The third central problem we addressed in this dissertation is focused on human languages. Many of 7000 world's natural languages are low-resource and lack digitized linguistic resources. This has put many of these human languages in danger of extinction and has motivated developing methods for automatic creation of linguistic resources and linguistic knowledge for low-resource languages. To address this problem via our language-agnostic point of view (by not treating different languages differently), we develop SuperPivot for subsequence-based linguist marker detection in parallel corpora of 1000 languages, which was the first computational investigation for linguistic resource creation in such a scale. As an example, SuperPivot was used to study the typology of tense in 1000 languages. Next, we utilized SuperPivot for the creation of the largest sentiment lexicon to date in terms of the number of covered languages (1000+ languages) achieving macro-F1 over 0.75 on word sentiment prediction for most evaluated languages, meaning that we enable sentiment analysis in many low resource languages. To ensure the usability of UniSent lexica for any new domain, we propose DomDrift, a method quantifying the semantic changes of words in the sentiment lexicon in the new domain. Next, we extend the DomDrift method to quantifying the semantic changes of all words in the language. We proposed a new metric for language comparisons based on the language word embedding graphs requiring only monolingual embeddings and word mapping between languages obtained through statistical alignment in parallel corpora.
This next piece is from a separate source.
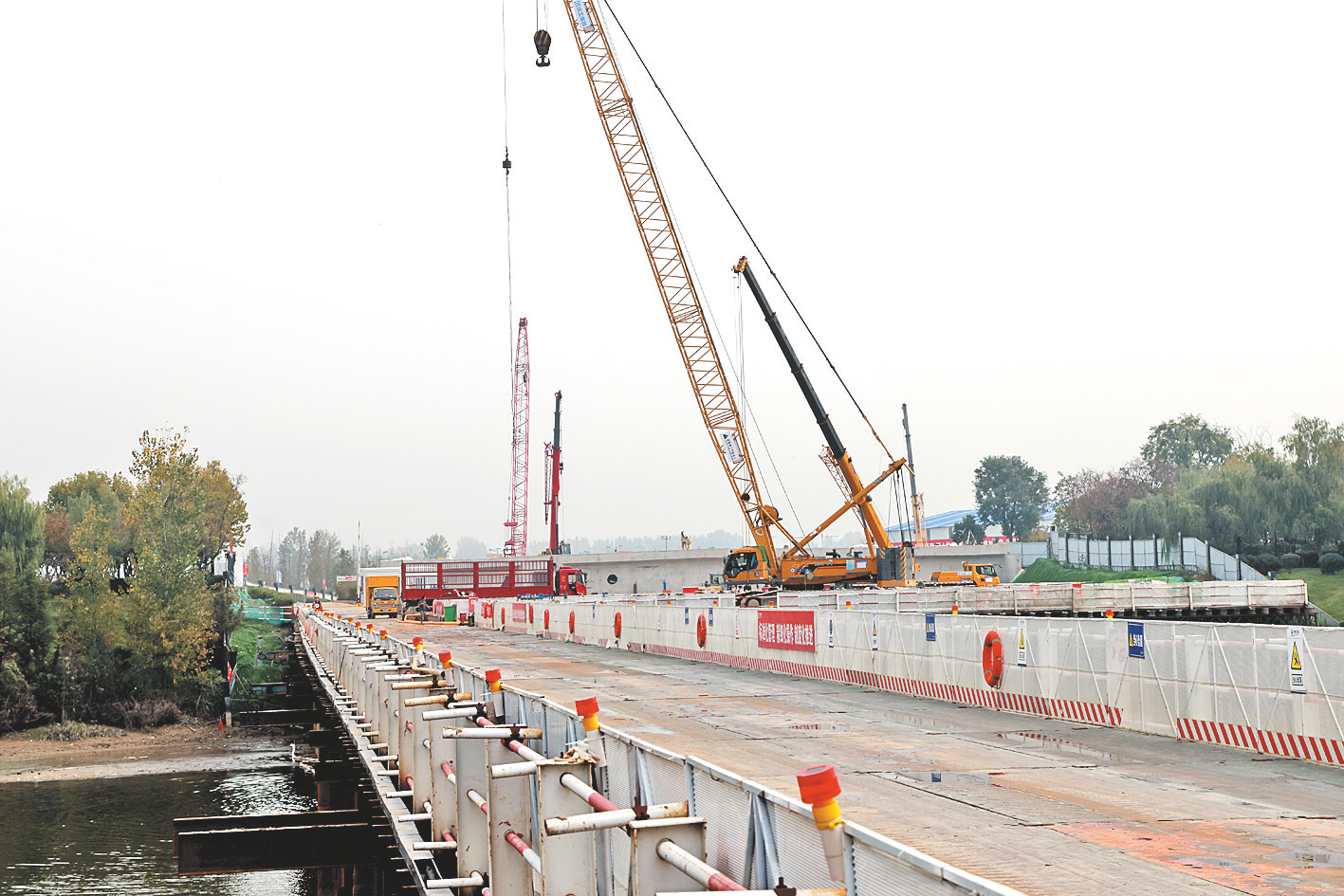 11月13日,在西安国际社区沣河梁家滩,全长526米,双向十车道的沣邑大桥正在施工中。沣邑大桥为三塔斜拉桥,宽57米,主塔高95米,设计时速60km/h,由中铁三局集团有限公司施工建造。作为连通西安国际社区两岸的重要通道,沣邑大桥通过分隔人和车辆的设计,实现景观性、功能性、经济性的有效融合,使沣邑大桥颜值和功能兼具,带动灵沼片区发展,预计2023年底竣工。

We performed language comparison for fifty natural languages and twelve genetic language variations of different organisms. As a result, natural languages of the same family were clustered together. In addition, applying the same method on organisms' genomes confirmed a high-level difference in the genetic language model of humans/animals versus plants. This method called word embedding language divergence is a step toward unsupervised or minimally supervised comparison of languages in their broad definition.